Use Provide() when you want to expose an object or an interface to the application. If there is nothing meaningful to expose, consider instead using Invoke() to register lifecycle hooks for an unexported object.

Invoke

Invoke is used to invoke a function to initialize some part of the application. The provided constructors won’t be called unless an invoke function references them, either directly or indirectly via another constructor:

// func Invoke(funcs ...any) Cell

cell.Invoke(
    // Construct both B and C and then introduce them to each other.
    func(b B, c C) {
       b.SetHandler(c)
       c.SetOwner(b)
    },

    // Construct D for its side-effects only (e.g. start and stop hooks).
    // Avoid this if you can and use Invoke() to register hooks instead of Provide() if
    // there's no API to provide.
    func(D){},
)

Module

Cells can be grouped into modules (a named set of cells):

// func Module(id, title string, cells ...Cell) Cell

var Cell = cell.Module(
    "example",           // short identifier (for use in e.g. logging and tracing)
    "An example module", // one-line description (for documentation)

    cell.Provide(New),

    innerModule,         // modules can contain other modules
)

var innerModule cell.Cell = cell.Module(
    "example-inner",
    "An inner module",

    cell.Provide(newInner),
)

Module() also provides the wrapped cells with a personalized logrus.FieldLogger with the subsys field set to module identifier (“example” above).

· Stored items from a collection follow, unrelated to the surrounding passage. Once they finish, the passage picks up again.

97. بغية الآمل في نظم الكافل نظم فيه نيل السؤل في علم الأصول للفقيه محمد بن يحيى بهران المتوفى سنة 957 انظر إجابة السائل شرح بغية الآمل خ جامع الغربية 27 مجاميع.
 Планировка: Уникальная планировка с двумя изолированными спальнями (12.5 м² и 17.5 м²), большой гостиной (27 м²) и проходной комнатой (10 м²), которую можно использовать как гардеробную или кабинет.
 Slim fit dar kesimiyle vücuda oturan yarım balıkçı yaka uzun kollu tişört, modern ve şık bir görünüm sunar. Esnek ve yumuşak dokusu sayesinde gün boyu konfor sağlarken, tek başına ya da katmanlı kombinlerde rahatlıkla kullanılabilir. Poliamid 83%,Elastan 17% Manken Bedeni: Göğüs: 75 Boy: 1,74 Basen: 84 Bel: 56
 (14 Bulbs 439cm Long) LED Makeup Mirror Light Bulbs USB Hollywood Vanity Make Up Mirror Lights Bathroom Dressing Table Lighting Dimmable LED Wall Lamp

The scope created by Module() is useful when combined with ProvidePrivate():

var Cell = cell.Module(
    "example",
    "An example module",

    cell.ProvidePrivate(NewA), // A only accessible from this module (or sub-modules)
    cell.Provide(NewB),        // B is accessible from anywhere
)

Decorate

Sometimes one may want to use a modified object inside a module, for example how above Module() provided the cells with a personalized logger. This can be done with a decorator:

// func Decorate(dtor any, cells ...Cell) Cell

var Cell = cell.Decorate(
    myLogger, // The decoration function

    // These cells will see the objects returned by the 'myLogger' decorator
    // rather than the objects on the outside.
    foo.Cell,
    bar.Cell,
)

// myLogger is a decorator that can depend on one or more objects in the application
// and return one or more objects. The input parameters don't necessarily need to match
// the output types.
func myLogger(log logrus.FieldLogger) logrus.FieldLogger {
    return log.WithField("lasers", "stun")
}

Config

Cilium applications use the cobra and pflag libraries for implementing the command-line interface. With Cobra, one defines a Command, with optional sub-commands. Each command has an associated FlagSet which must be populated before a command is executed in order to parse or to produce usage documentation. Hive bridges to Cobra with cell.Config, which takes a value that implements cell.Flagger for adding flags to a command’s FlagSet and returns a cell that “provides” the parsed configuration to the application:

// type Flagger interface {
//    Flags(flags *pflag.FlagSet)
// }
// func Config[Cfg Flagger](defaultConfig Cfg) cell.Cell

type MyConfig struct {
    MyOption string

    SliceOption []string
    MapOption map[string]string
}

func (def MyConfig) Flags(flags *pflag.FlagSet) {
    // Register the "my-option" flag. This matched against the MyOption field
    // by removing any dashes and doing case insensitive comparison.
    flags.String("my-option", def.MyOption, "My config option")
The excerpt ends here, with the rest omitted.